- LISTED RECORDS -
◆ ◆ ◆ ◆ ◆ ◆ ◆

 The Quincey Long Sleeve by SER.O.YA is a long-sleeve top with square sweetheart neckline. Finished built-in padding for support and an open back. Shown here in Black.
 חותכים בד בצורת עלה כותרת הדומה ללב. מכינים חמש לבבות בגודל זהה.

◆ ◆ ◆ ◆ ◆ ◆ ◆

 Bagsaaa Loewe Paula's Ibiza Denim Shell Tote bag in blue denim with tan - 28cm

◆ ◆ ◆ ◆ ◆ ◆ ◆

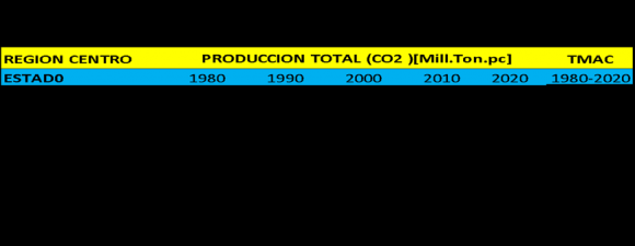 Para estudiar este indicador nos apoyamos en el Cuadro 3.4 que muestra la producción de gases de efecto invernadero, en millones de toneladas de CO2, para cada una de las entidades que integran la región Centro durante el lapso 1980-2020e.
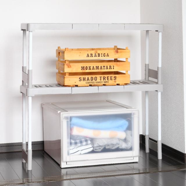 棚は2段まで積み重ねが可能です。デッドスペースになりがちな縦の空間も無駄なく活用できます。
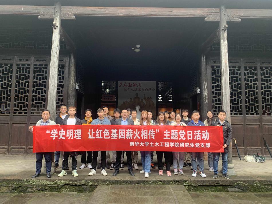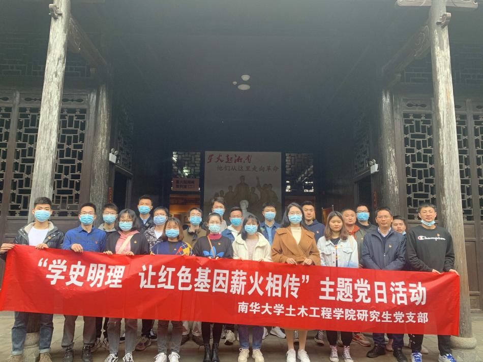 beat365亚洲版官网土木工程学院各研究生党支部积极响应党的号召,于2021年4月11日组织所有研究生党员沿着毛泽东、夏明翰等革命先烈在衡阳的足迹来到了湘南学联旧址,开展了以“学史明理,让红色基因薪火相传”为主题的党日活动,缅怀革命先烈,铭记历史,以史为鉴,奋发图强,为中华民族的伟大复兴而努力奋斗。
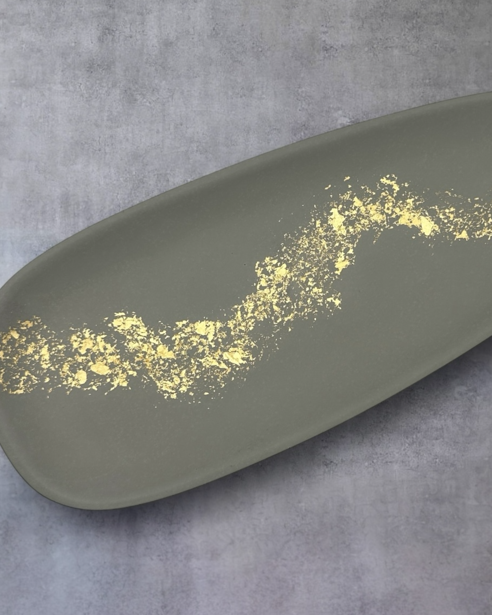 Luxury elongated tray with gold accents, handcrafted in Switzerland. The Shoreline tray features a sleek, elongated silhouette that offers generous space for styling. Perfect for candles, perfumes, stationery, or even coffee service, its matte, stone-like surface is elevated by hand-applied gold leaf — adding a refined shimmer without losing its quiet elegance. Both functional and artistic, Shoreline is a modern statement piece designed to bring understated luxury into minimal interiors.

◆ ◆ ◆ ◆ ◆ ◆ ◆

- WORK REQUEST -
In the entries above, find the line with "beat365亚洲版官网土木" and the line with "Luxury elongated tray". Write out exactly those two lines and every line between them, pictures excluded.

- WRITTEN REPLY -
 beat365亚洲版官网土木工程学院各研究生党支部积极响应党的号召,于2021年4月11日组织所有研究生党员沿着毛泽东、夏明翰等革命先烈在衡阳的足迹来到了湘南学联旧址,开展了以“学史明理,让红色基因薪火相传”为主题的党日活动,缅怀革命先烈,铭记历史,以史为鉴,奋发图强,为中华民族的伟大复兴而努力奋斗。
 Luxury elongated tray with gold accents, handcrafted in Switzerland. The Shoreline tray features a sleek, elongated silhouette that offers generous space for styling. Perfect for candles, perfumes, stationery, or even coffee service, its matte, stone-like surface is elevated by hand-applied gold leaf — adding a refined shimmer without losing its quiet elegance. Both functional and artistic, Shoreline is a modern statement piece designed to bring understated luxury into minimal interiors.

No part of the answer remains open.